----- Data excerpt

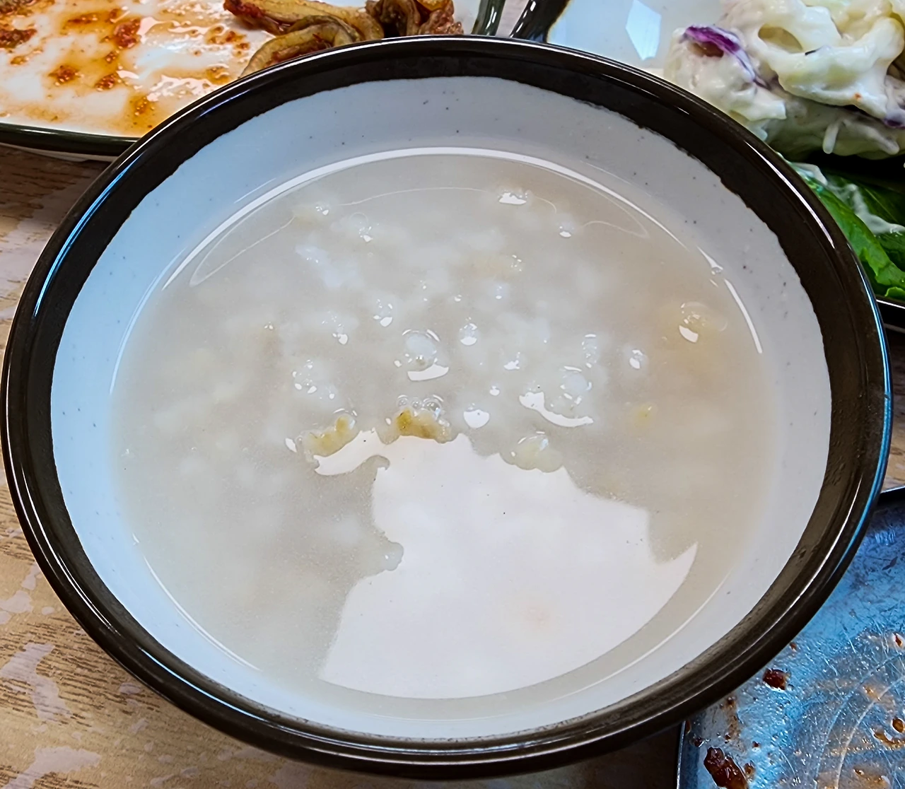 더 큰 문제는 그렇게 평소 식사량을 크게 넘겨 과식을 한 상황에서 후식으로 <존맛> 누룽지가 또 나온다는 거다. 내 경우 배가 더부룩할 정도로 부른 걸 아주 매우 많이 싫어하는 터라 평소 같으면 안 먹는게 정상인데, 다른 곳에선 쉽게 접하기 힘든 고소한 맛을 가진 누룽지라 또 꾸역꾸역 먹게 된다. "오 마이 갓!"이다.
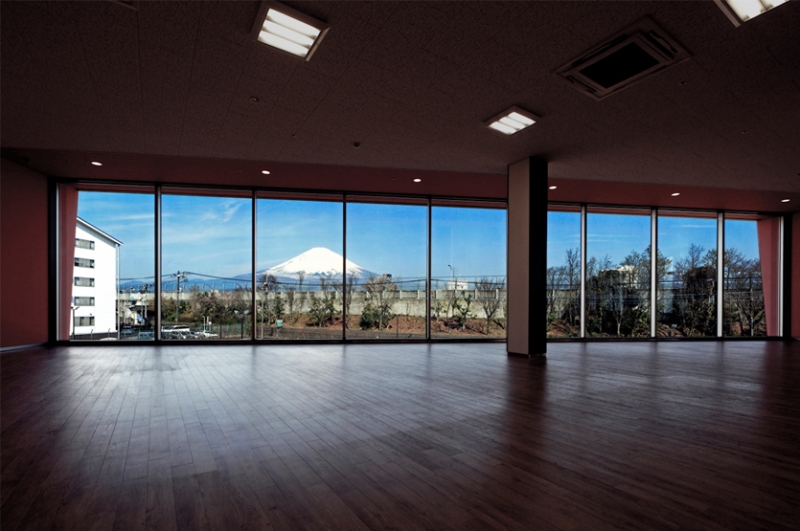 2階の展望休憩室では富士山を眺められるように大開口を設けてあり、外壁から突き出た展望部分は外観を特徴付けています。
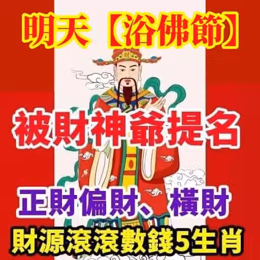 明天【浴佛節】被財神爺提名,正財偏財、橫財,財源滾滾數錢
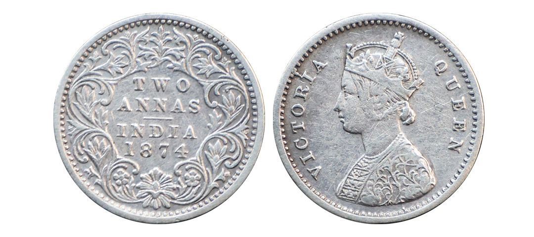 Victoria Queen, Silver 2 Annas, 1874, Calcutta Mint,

----------

• About this exercise:
The lines from the one containing "明天【浴佛節】被財神爺提名,正財偏財、橫財,財源滾滾數錢" through the last line of the data above are to be transcribed exactly, both included, with all pictures left out.

• Completed task:
 明天【浴佛節】被財神爺提名,正財偏財、橫財,財源滾滾數錢
 Victoria Queen, Silver 2 Annas, 1874, Calcutta Mint,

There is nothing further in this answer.